Omar is a man of action and got us out on the road bright and early. I had no idea what he had planned for the day, we were given some generic information about a tour of the farms not thinking that this would be a totally immersive experience.

He started with the scenery bit as he pointed out Cerro las Minas (2,870m) the highest mountain in Honduras. We then climbed further and pulled into a small farm with a solar drier in front of the house and a pulping machine outback. One of his aims is to get the farmer to do more of this processing work whilst Copacus got on and sold coffee, monitored quality and trained Baristas.
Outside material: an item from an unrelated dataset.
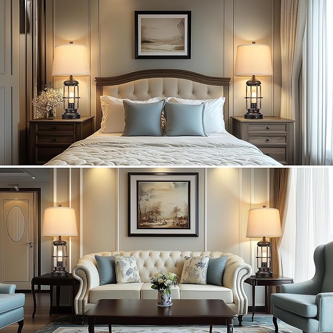 - 【Rustic industrial lamp with night light】: The lamps for bedrooms with nightlights provide you with more lighting choices. The linen lampshade of table lamps for bedroom is matched with the bronze industrial-style metal lamp stand, with 2700K warm light, creating a unique farmhouse lamp that boasts both industrial and retro style. The metal column on the lampstand and the layered design make the glow of the light unobstructed to add an antique retro atmosphere to your home.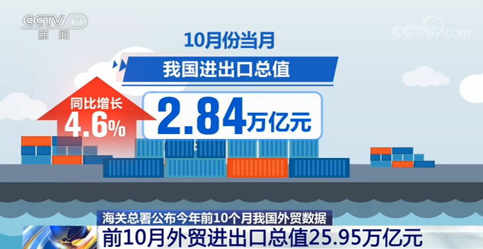 前10個月外貿(mào)進出口總值25.95萬億元 連續(xù)5個月實現(xiàn)正增長

An elderly man approached us gesticulating and speaking in Spanish. Omar and the farm owner spoke back but the man insisted on coming in to look at the coffee with us. Afterwards I asked Lorenzo who this individual was, thinking him to be a relative. It transpired that he was the local “eccentric”, but it was interesting how rather than reject him they simply accepted him for who he was, a harmless individual who as they say was a card short of a full deck.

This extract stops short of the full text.